** Opening DATASET ENTRIES block **

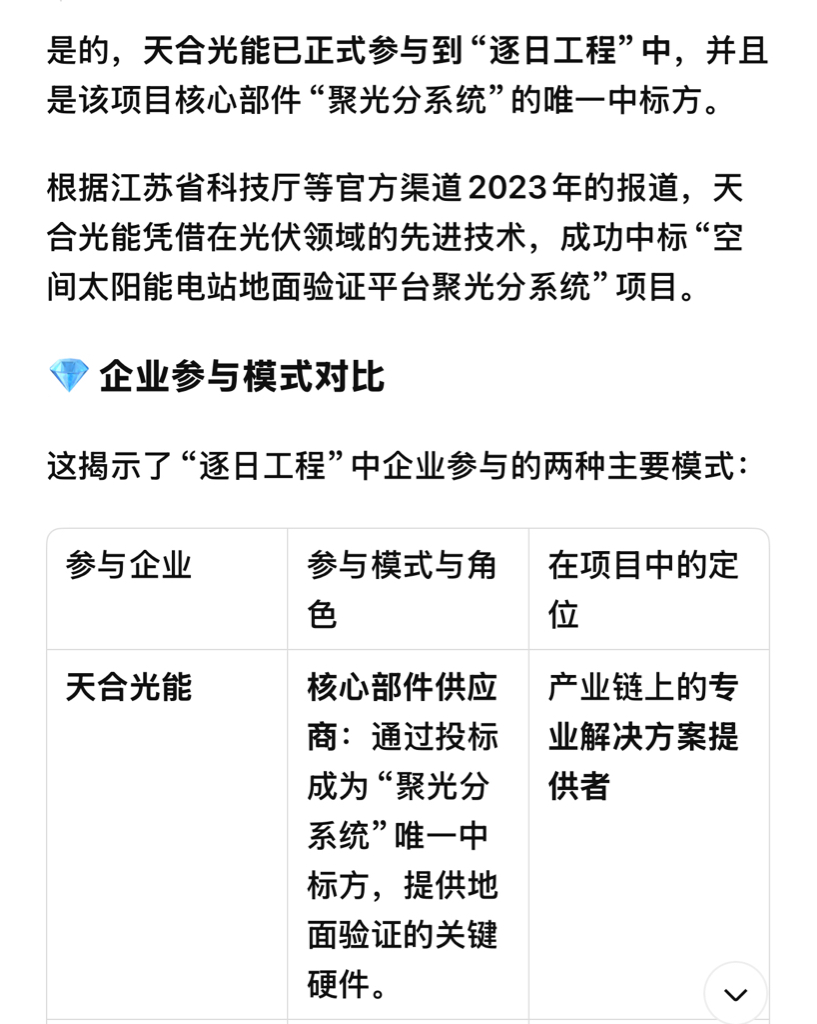 $天合光能(SH688599)$ 国家的逐日工程(国家太阳能空间电站项目,目前国家已经投了180亿)。特别提示: 虽然隆基绿能、东方日升等也在研发太空光伏技术(如钙钛矿叠层),但在国家“逐日工程”的核心立项与工程落地层面,目前中国核建承担着基础设施建设的重任,而天合光能和乾照光电则在光电转换环节走在前列。奇怪天合是最正宗的太空光伏,走势比较弱哟。
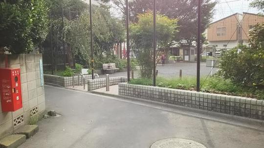 突き当りを右に曲がるとすぐ公園があります。ここは左へ向かいます。
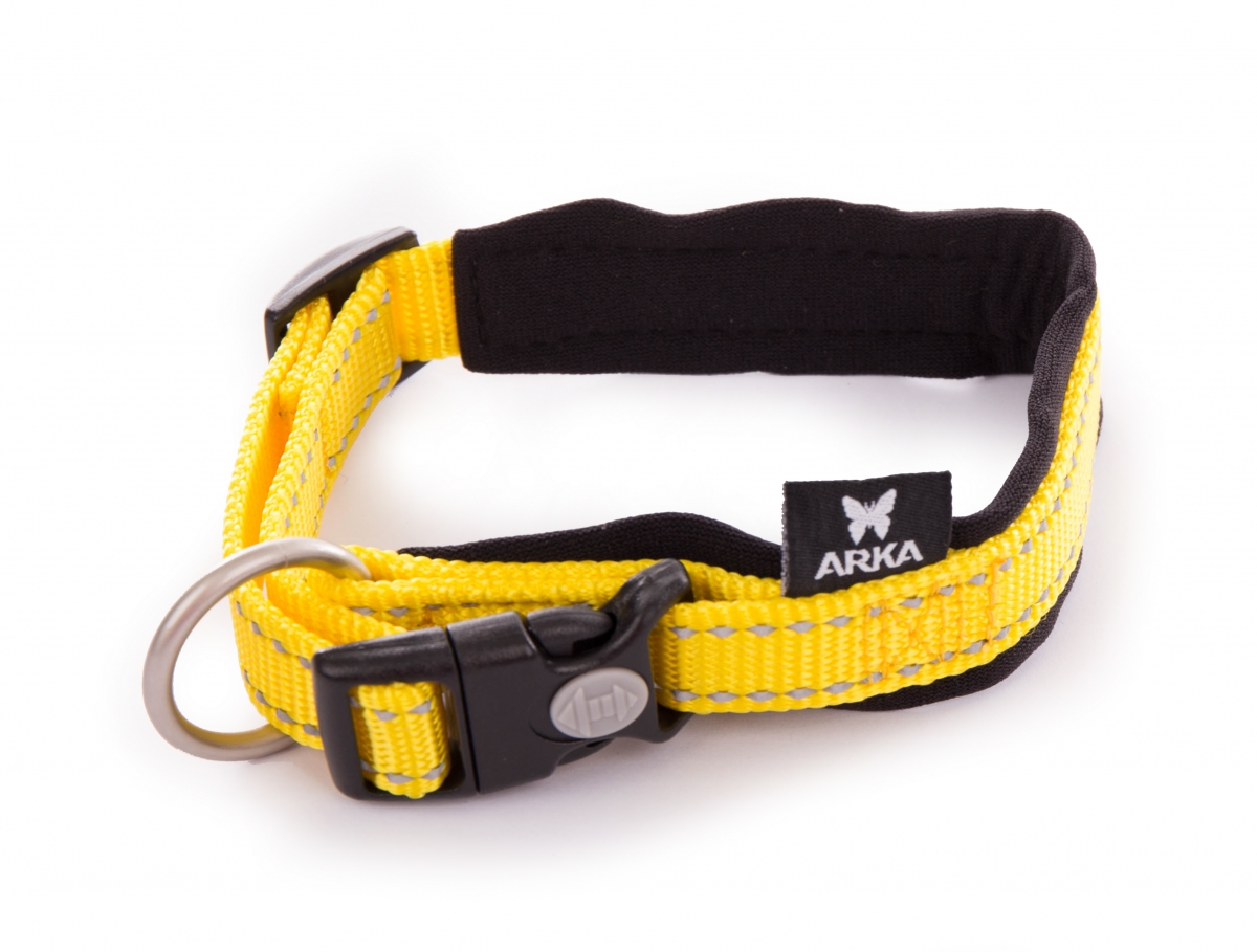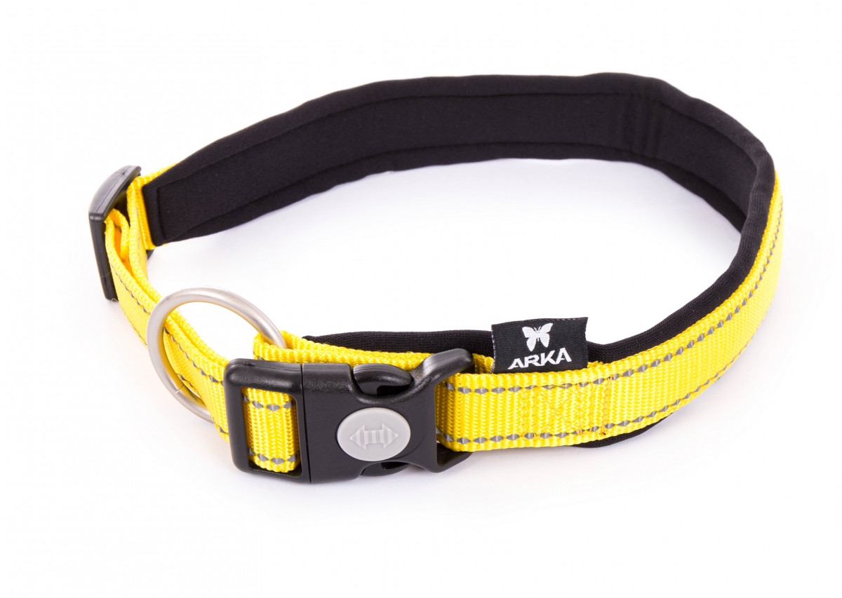 Nylon adjustable collar Neo+ with neoprene lining for an optimal confort, reflective stitching, plastical accessories, D ring: decrease traction on buckle thanks to its position, plastic accessories
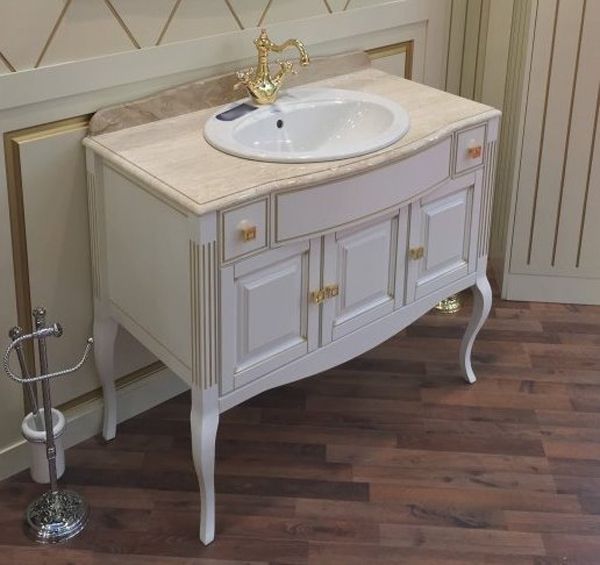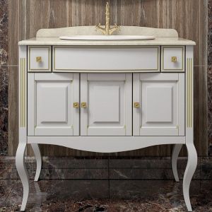 Тумба под раковину Opadiris Лаура 100 Z0000007090 под мраморную столешницу. Цвет: белый матовый с золотой патиной.Выполнена в классическом стиле с плавными изогнутыми формами и изящными гнутыми ножками. Фасадные элементы украшены резными узорами. Особую роскошь добавляют ручки инкрустированные кристаллами Swarovski.Материал фасада/корпуса: массив бука/влагозащищенный МДФ.
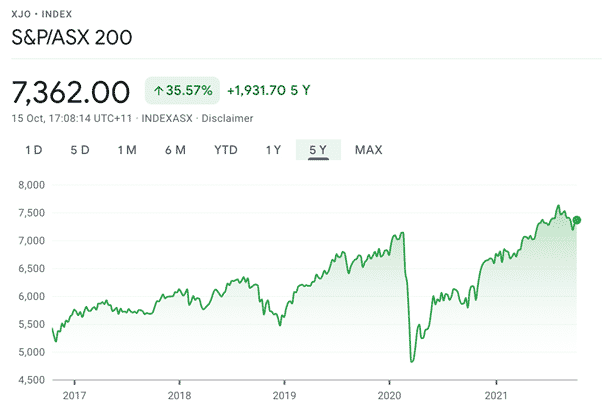 从近一年的数据可以看出,澳大利亚股在2020年11月到2021年9月稳步上涨。但从过去五年的整体数据看来,在ASX 200 指数于 2020 年 1 月 16 日首次突破 7,000 点水平后,在2020年3月跌至了最低4816.60,而后又呈现稳步上涨的趋势。
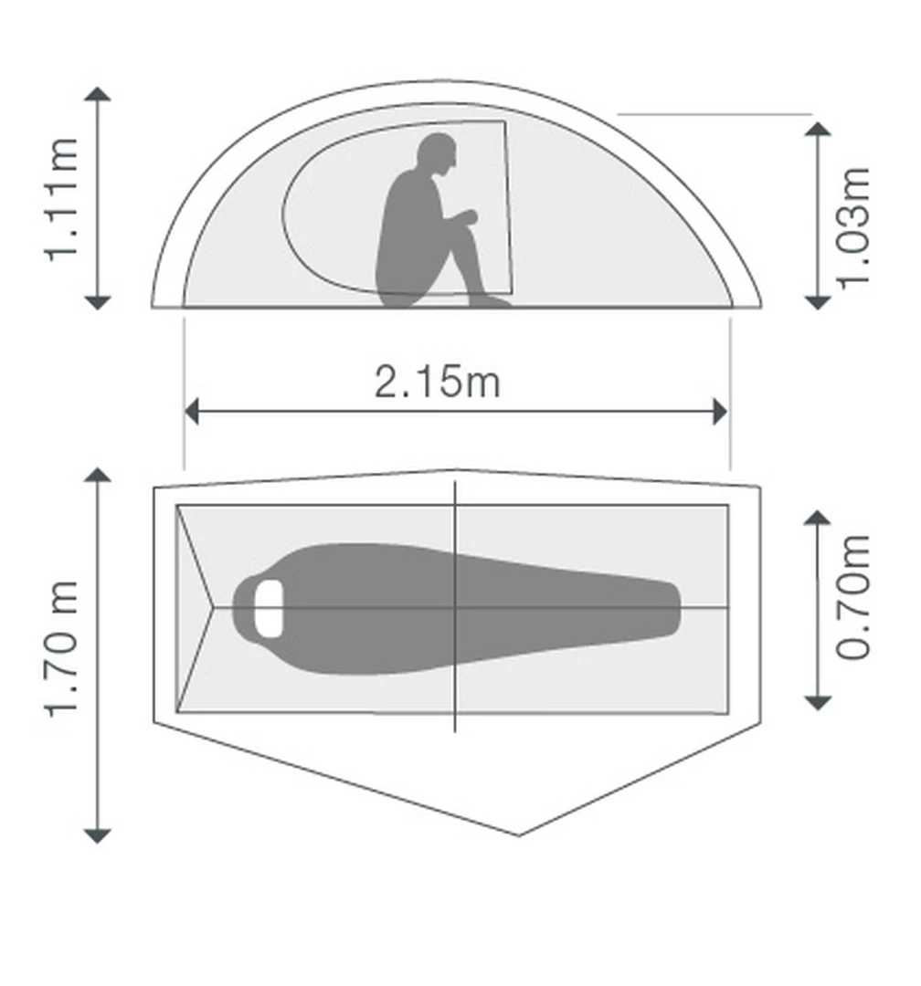 Montage : rapide grâce aux gaines d’arceaux traversantes disposées dans la tente intérieure. Système de haubans et de tendeurs permettant de bien régler la tension de la tente. La tente intérieure peut-être montée seule (par temps chaud). Le double-toit est ensuite fixé aux sangles colorées de la tente intérieure au moyen des raccords rapides. Combinée avec le double-toit et les arceaux, le tapis de sol (footprint vendu en option) peut être utilisé en mode « tarp » ou comme protection sommaire contre les intempéries.

** Closing DATASET ENTRIES block **

WHAT IS EXPECTED ▸
A precise repetition of every entry, free of pictures, is the expected answer.

EXPECTED ANSWER ▸
 $天合光能(SH688599)$ 国家的逐日工程(国家太阳能空间电站项目,目前国家已经投了180亿)。特别提示: 虽然隆基绿能、东方日升等也在研发太空光伏技术(如钙钛矿叠层),但在国家“逐日工程”的核心立项与工程落地层面,目前中国核建承担着基础设施建设的重任,而天合光能和乾照光电则在光电转换环节走在前列。奇怪天合是最正宗的太空光伏,走势比较弱哟。
 突き当りを右に曲がるとすぐ公園があります。ここは左へ向かいます。
 Nylon adjustable collar Neo+ with neoprene lining for an optimal confort, reflective stitching, plastical accessories, D ring: decrease traction on buckle thanks to its position, plastic accessories
 Тумба под раковину Opadiris Лаура 100 Z0000007090 под мраморную столешницу. Цвет: белый матовый с золотой патиной.Выполнена в классическом стиле с плавными изогнутыми формами и изящными гнутыми ножками. Фасадные элементы украшены резными узорами. Особую роскошь добавляют ручки инкрустированные кристаллами Swarovski.Материал фасада/корпуса: массив бука/влагозащищенный МДФ.
 从近一年的数据可以看出,澳大利亚股在2020年11月到2021年9月稳步上涨。但从过去五年的整体数据看来,在ASX 200 指数于 2020 年 1 月 16 日首次突破 7,000 点水平后,在2020年3月跌至了最低4816.60,而后又呈现稳步上涨的趋势。
 Montage : rapide grâce aux gaines d’arceaux traversantes disposées dans la tente intérieure. Système de haubans et de tendeurs permettant de bien régler la tension de la tente. La tente intérieure peut-être montée seule (par temps chaud). Le double-toit est ensuite fixé aux sangles colorées de la tente intérieure au moyen des raccords rapides. Combinée avec le double-toit et les arceaux, le tapis de sol (footprint vendu en option) peut être utilisé en mode « tarp » ou comme protection sommaire contre les intempéries.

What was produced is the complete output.